**What this task involves:** Could you restate word for word the lines running from the one with "Рубашка мужская хлопково-льняная" to the end of the data, both ends included, but without pictures?

(Input data)

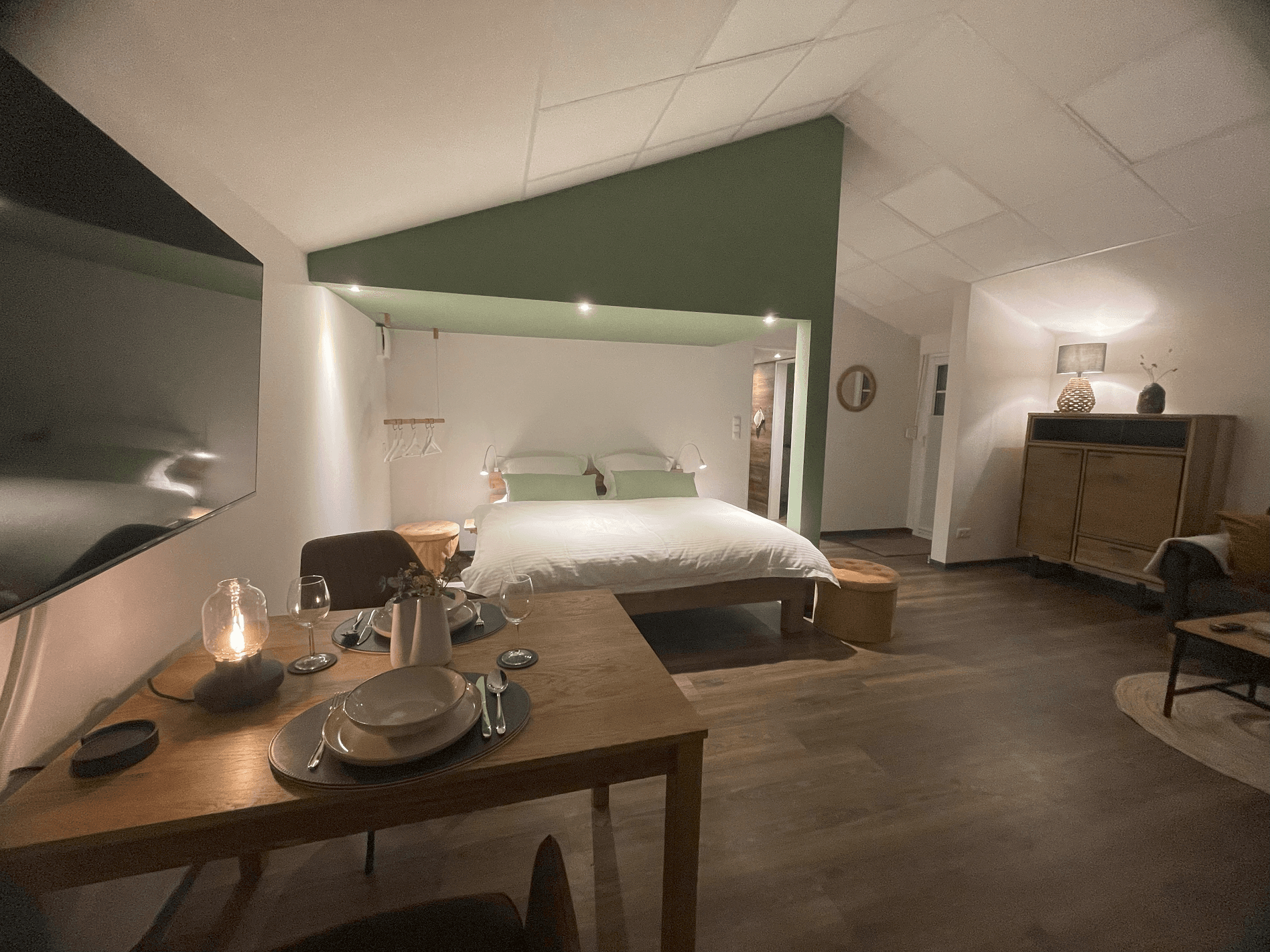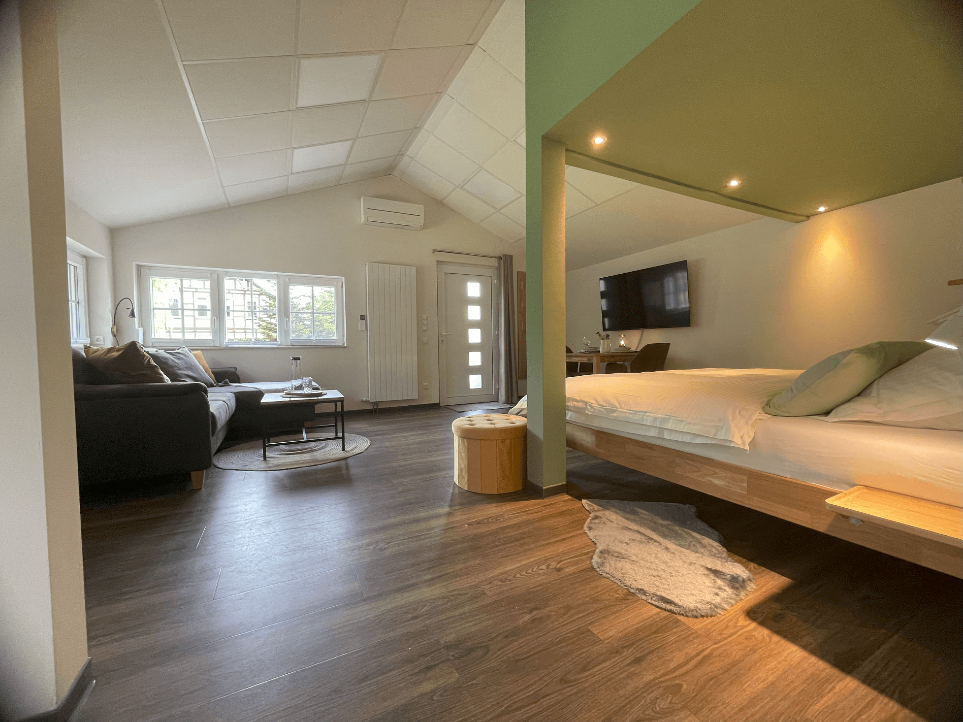 Im Inneren erwartet Sie ein heller, geschmackvoll eingerichteter Wohn-/Schlafraum mit Doppelbett (2 Matratzen 90 x 200 cm), der zum Wohlfühlen einlädt.
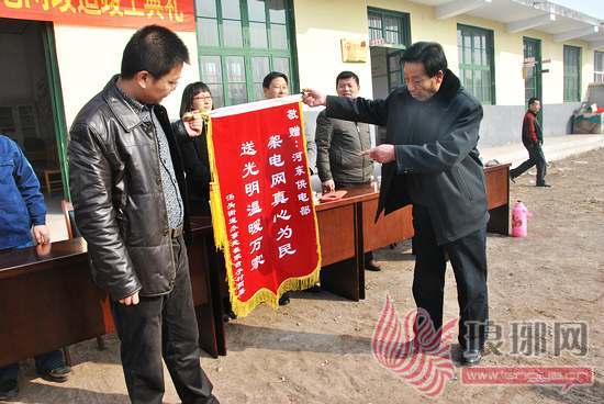 图为该村村支书代表全体村民向河东供电部敬献锦旗。
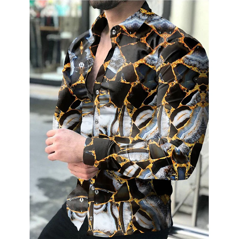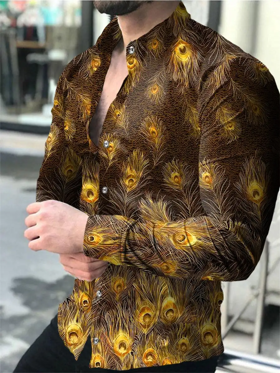 Рубашка мужская хлопково-льняная с воротником-стойкой повседневная брендовая
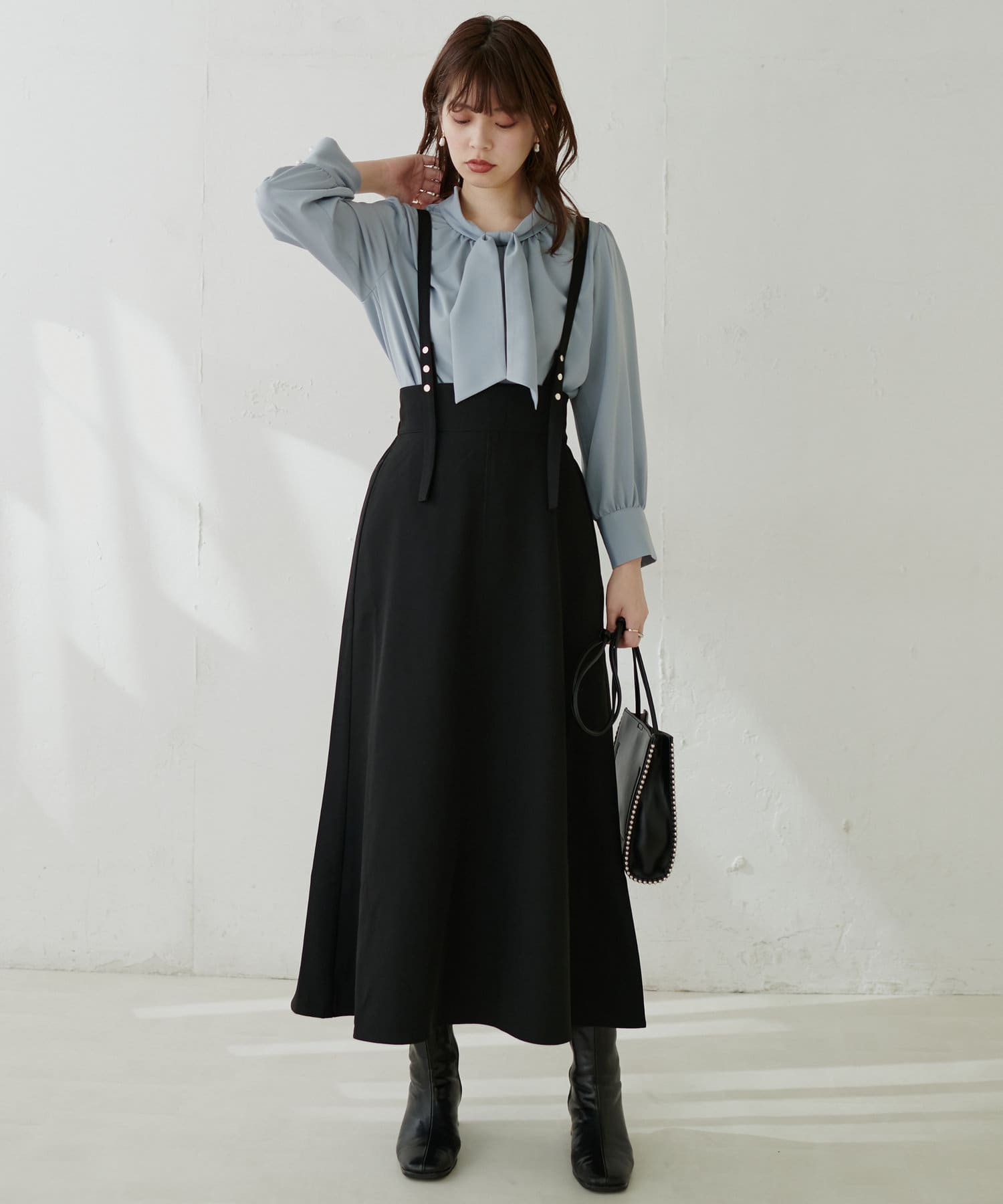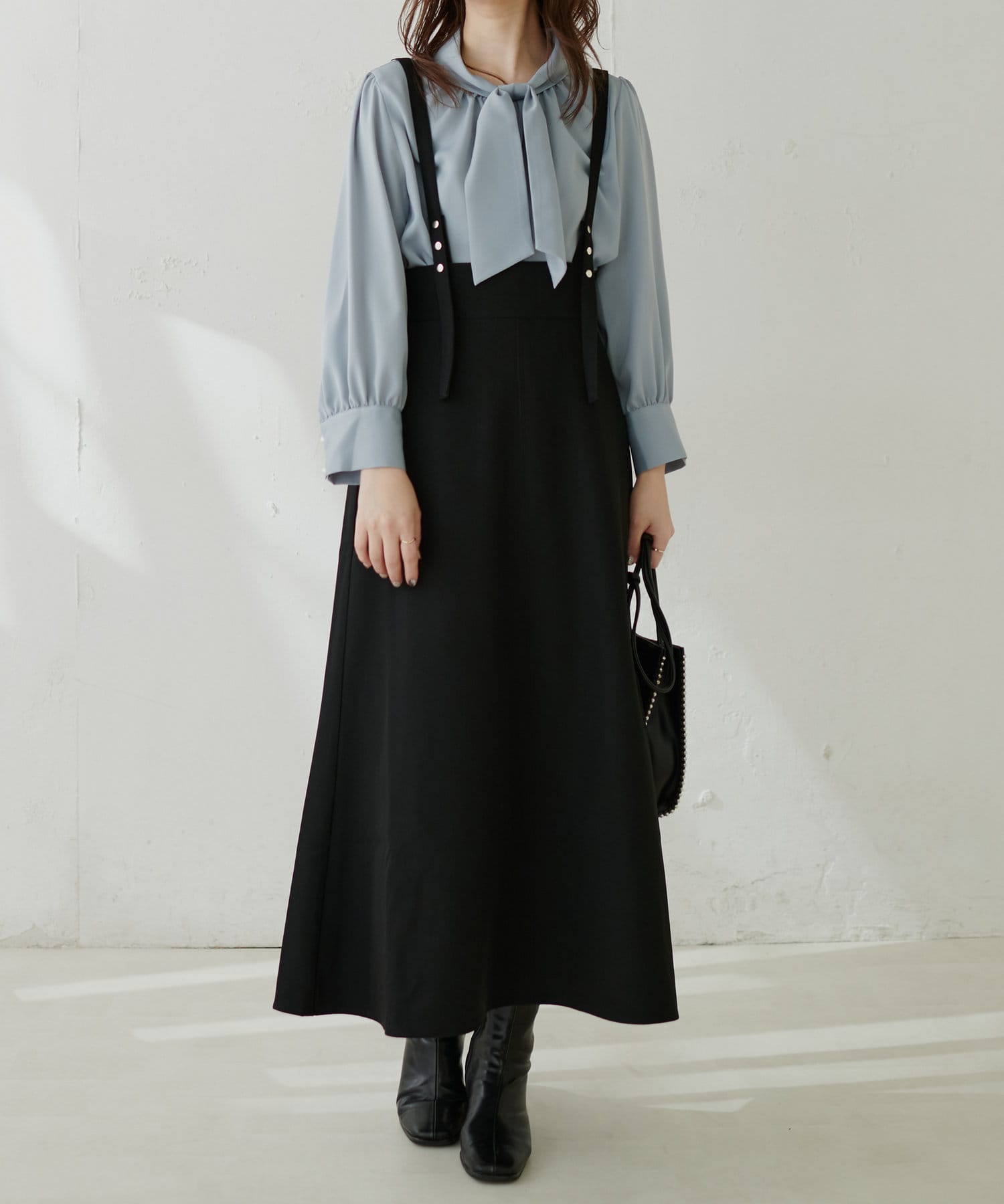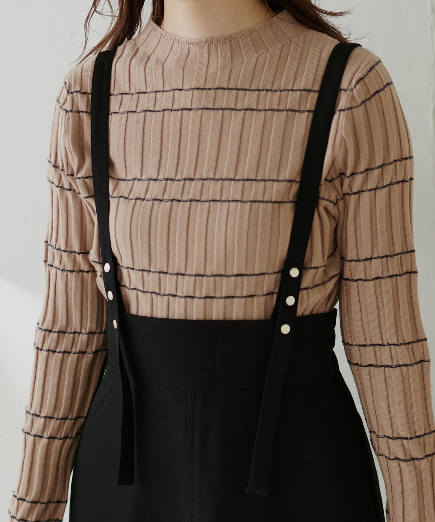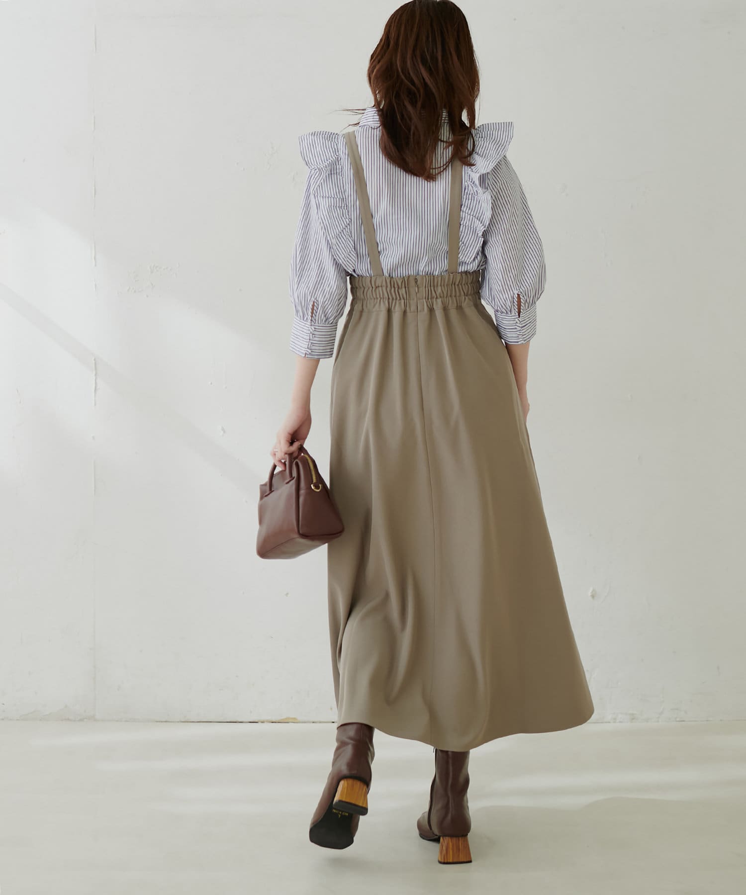 シンプルながらも裾にかけて美しいシルエットが魅力のサスペンダー付きスカート。

(End Input data)

**Solution to this task:**
 Рубашка мужская хлопково-льняная с воротником-стойкой повседневная брендовая
 シンプルながらも裾にかけて美しいシルエットが魅力のサスペンダー付きスカート。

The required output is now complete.